### YOUR TASK
Give exactly the lines from the one with "검정색 핸들 접이식 톱" through the final line of the listing below, both included, leaving out any pictures.

### GIVEN ENTRIES
——
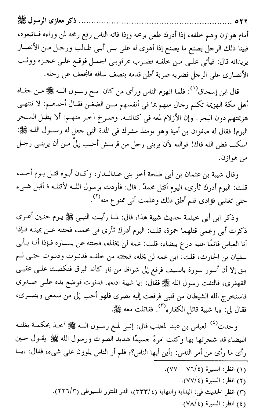وحدث «4» العباس بن عبد المطلب قال: إنى لمع رسول الله صلى الله عليه وسلم آخذ بحكمة بغلته البيضاء قد شجرتها بها وكنت امرء جسيما شديد الصوت ورسول الله صلى الله عليه وسلم يقول حين رأى ما رأى من أمر الناس: «أين أيها الناس؟» فلم أر الناس يلوون على شىء، فقال: «يا
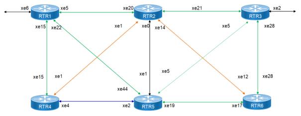 • RTR2, RTR4, and RTR6 function primarily as core (P) routers, forwarding traffic through the network.
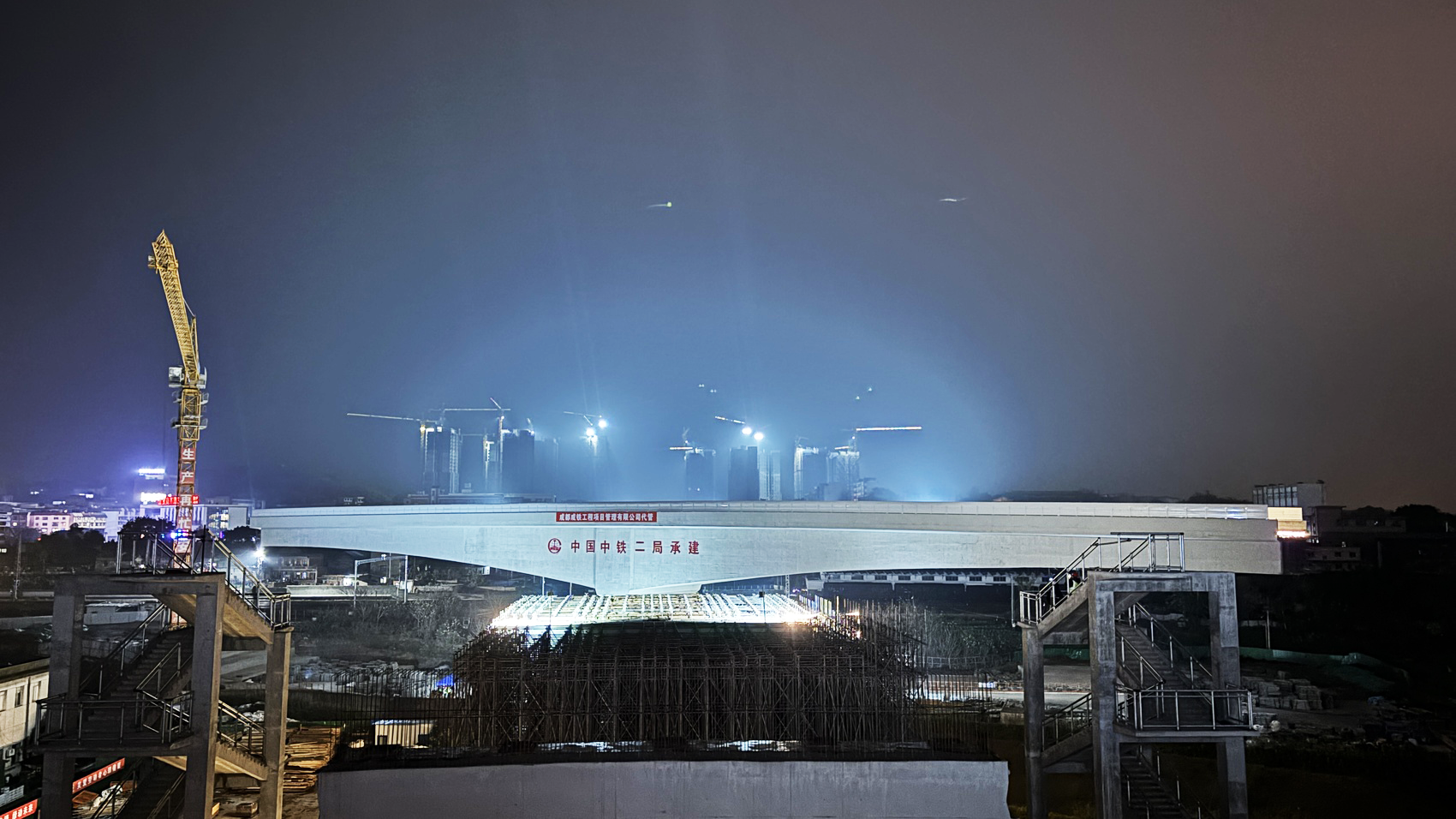 1月29日22点整,在西南(自贡)国际陆港的核心区域,自贡国家骨干冷链物流基地公铁联运基础设施工程关键的节点——跨内昆铁路转体桥,以一场“毫米级”转身宣告成功。
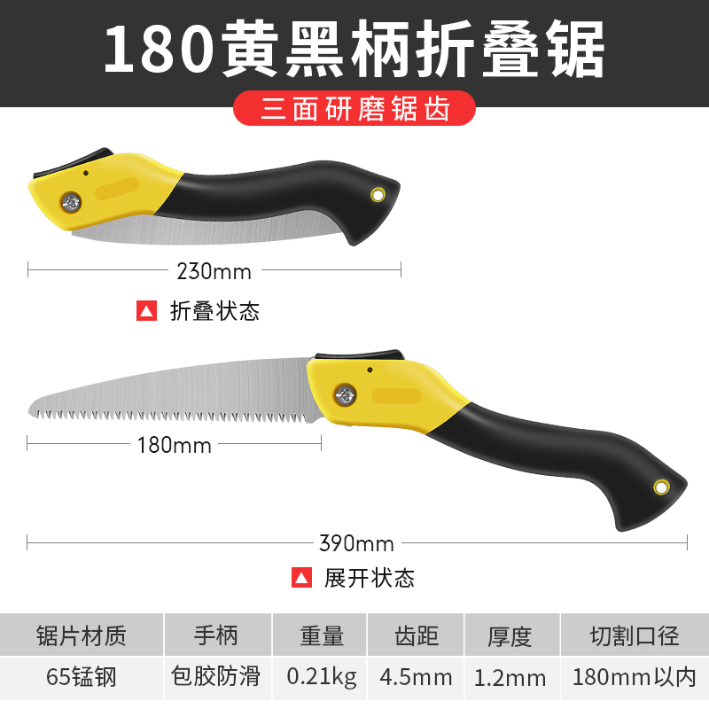 • 180 노란색과 검정색 핸들 접이식 톱
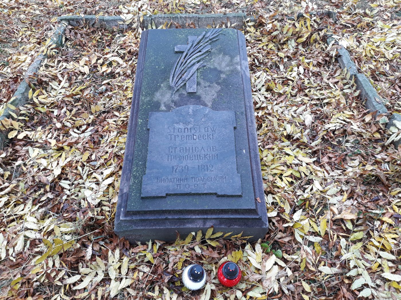 Napis na płycie grobu: Stanisław Trembecki 1739–1812. Wybitny polski poeta – Tulczyn, 22 października 2019. Fot. Mateusz Marek (IPN) -
——
### REPLY
 • 180 노란색과 검정색 핸들 접이식 톱
 Napis na płycie grobu: Stanisław Trembecki 1739–1812. Wybitny polski poeta – Tulczyn, 22 października 2019. Fot. Mateusz Marek (IPN) -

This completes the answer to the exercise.